Despite the irrational defenses and innocuous attacks she wages against the undeniable sense I make each week, she really is a swell person. Despite her protestations, she needs the security and assurances that only a man of my strength could provide.

I’m glad I had an opportunity to speak with you, the reader, instead of spending another week finding fault with her.

HER: Ask yourself this, why did this constant complainer marry such a ding-a-ling? I’ll tell you why; to rob me of my youth and formerly trim figure. Now I am merely the chubby shadow of my former self having surrendered the best years of my life to him. Weight Watchers thanks him.

I have stayed with him to guide and care for him. He is helpless, color blind, and in need of intelligent companionship. If not for me, who would patiently adjust his heating pad each night? Or mow the lawn, snakes and all? Speaking of the snakes, when he finally got out to survey the front lawn and debunk my claim of large snakes being out there, guess what? Watching him from the front door, I saw him leap back with the kind of speed he only had when he was 25. “Did you see him?” I asked. “Oh yes,” he said shakily. “He’s a big one.”

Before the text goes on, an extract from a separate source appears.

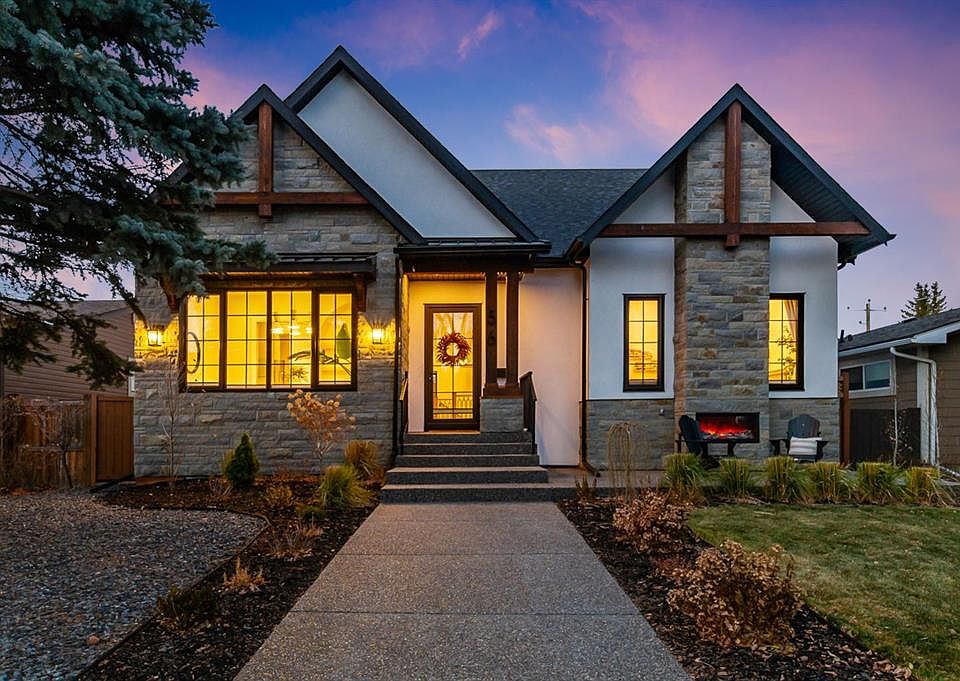 **Open House Sunday 2-4** Welcome to this exquisitely crafted CUSTOM BUNGALOW with TRIPLE GARAGE on large 50'x122' lot in the heart of North Glenmore Park! Featuring 4 bedrooms + office/gym, 3 bathrooms, and over 3,700 sq. ft. of developed living space, this stunning home blends timeless design with modern luxury. Natural stone and cedar accents create striking curb appeal, leading inside to bright, airy interiors with custom millwork, graceful arches, and premium finishes throughout. MAIN LEVEL showcases a superb chef’s kitchen with white oak ceiling-height and glass-display cabinetry, built-in spice racks, a 12-ft island with undercounter storage, quartz surfaces, a butler’s pantry with solid wood pocket doors, large prep counter, and high-end appliances. The living room boasts soaring 15-ft vaulted ceilings, a venetian-textured fireplace, and double doors opening to a private south-facing yard and oversized deck. Dining room is beautifully designed with custom arched coffee-bar and large window. The primary suite features vaulted ceilings, a spa-inspired ensuite with steam shower, and a walk-in closet with custom cabinetry. S second spacious bedroom, laundry room, and full bathroom complete the main floor. LOWER LEVEL features two additional bedrooms, a gym, and a large recreation room with wet bar and in-floor heating. OUTSIDE, enjoy a beautifully landscaped yard with oversized deck, triple garage (third bay fits RV/boat), and dog run. Plus, THE LOCATION is simply unbeatable—just minutes to River Park, Sandy Beach, Marda Loop, and downtown YYC. If you’re seeking luxurious living in a beautiful, established neighbourhood, this is it!

Men are funny creatures. They watch football waiting for the buxom cheerleaders to appear. They read the Victoria’s Secret catalogue like it’s an historical document. They dream and pine for women they can’t have. Secretly, they don’t ever want those women because they know if they approached a Victoria’s Secret model on the street, she’d take one look at their Budweiser baseball hats and keep walking. But wives love their husbands and even wash the Budweiser caps.

Wives believe their husbands are wonderful people because they know more than the world does about them. Even when their bank accounts don’t match the size of their big mouths, wives love their husbands. Women are living proof that goodness exists in an evil world run by men.

So he can rant and rave all he wants, and so can any husband out there, because at the end of they day, they come home to where a sweet, patient, and loving woman awaits.